Sosyal gelişimin temeli buna dayanır. Yoksa en güzel kanunlar da yapılsa, en doğru, adil, demokratik kurallar da getirilse yurttaş olma sorumluluğunu taşımayan bireylerden oluşan toplumlarda, kargaşa, düzensizlik, ve bunların sonucu olarak genel stres hiç bir zaman bitmez. Tam tersine artarak sürer. Bu durumda adeta bir kanser hücresi gibi toplumu içten içe kemirir.

Peki yurttaş olma sorumluluğunu almak ne demektir?
Başlangıç olarak, tüm yönetim kademelerinin, tüm devlet kurumlarının varlık nedeninin; toplumun huzurunu, sağlığını, eğitimini, güvenliğini vb. sağlamak olduğunu bilmek, anlamak, kabul etmek gerek.
Yani devlet kurumları ve tüm yönetim kademeleri, halka hizmet için o makamlarda oturmaktadırlar. Dolayısıyla her bir bireyin de genel uygulamalar konusundaki memnuniyet ve şikayetlerini, yasalar çerçevesinde ilgili makamlara duyurma hakkı vardır.
Halk arasında çok güzel bir söz vardır "ağlamayan çocuğa meme yoktur".

Bu şikayetlerimizi yaparken yasalar çerçevesinde kalmak çok önemlidir. Çünkü aksi takdirde haklı iken haksız konuma düşmek gibi bir risk söz konusudur.
Özellikle son günlerde yaşanan ve toplumumuzun geniş bir kesimini olumsuz yönde etkileyen ekonomik sorunların yaşandığı dönemde, ard arda yapılan zamlarla ilgili, kapı aralarında, aile meclislerinde hepimiz konuşup duruyoruz değil mi? Ama bunun için kaçımız yasal yollara başvuruyor.
Hep birileri, bizim adımıza bir şeyler yapsın diye bekliyoruz. Üstelik beklerken de sürekli bizbize konuşarak büsbütün gerilim yarattığımızın farkında olmadan...

Bakın size çok güncel bir örnek; telekom, sadece bir kişinin dava açması sonucu, geçmiş 10 yıllık haksız yere alınan sabit ücretleri geri ödemeye mahkum edildi.
Bu haber gazetelerde, televizyonlarda söylendi durdu.
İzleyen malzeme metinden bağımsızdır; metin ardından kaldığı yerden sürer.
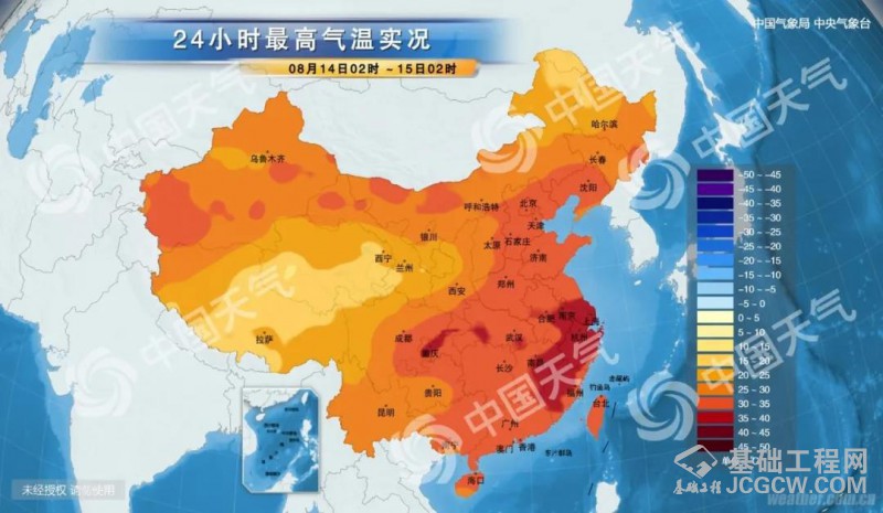 8月14-15日 中国最高气温分布图(来源:中国天气网)

Herkesin tek tek tüketici mahkemelerine bir fatura ile müracaat etmesi aynı iadeyi almaları için yeterli iken, kaç kişi buna baş vurdu dersiniz?
Peki, bir tek kişi mi bundan zarar görmüştü?
Siz başvurunuzu yaptınız mı?
İşte size en basit yurttaş olma sorumluluğu ile ilgili bir örnekti bu.

Siz yasalar çerçevesinde talep etmezseniz, hiç kimse size durupdururken arz etmez...
Böyle bir beklentiniz de son derece yersiz ve anlamsız olur.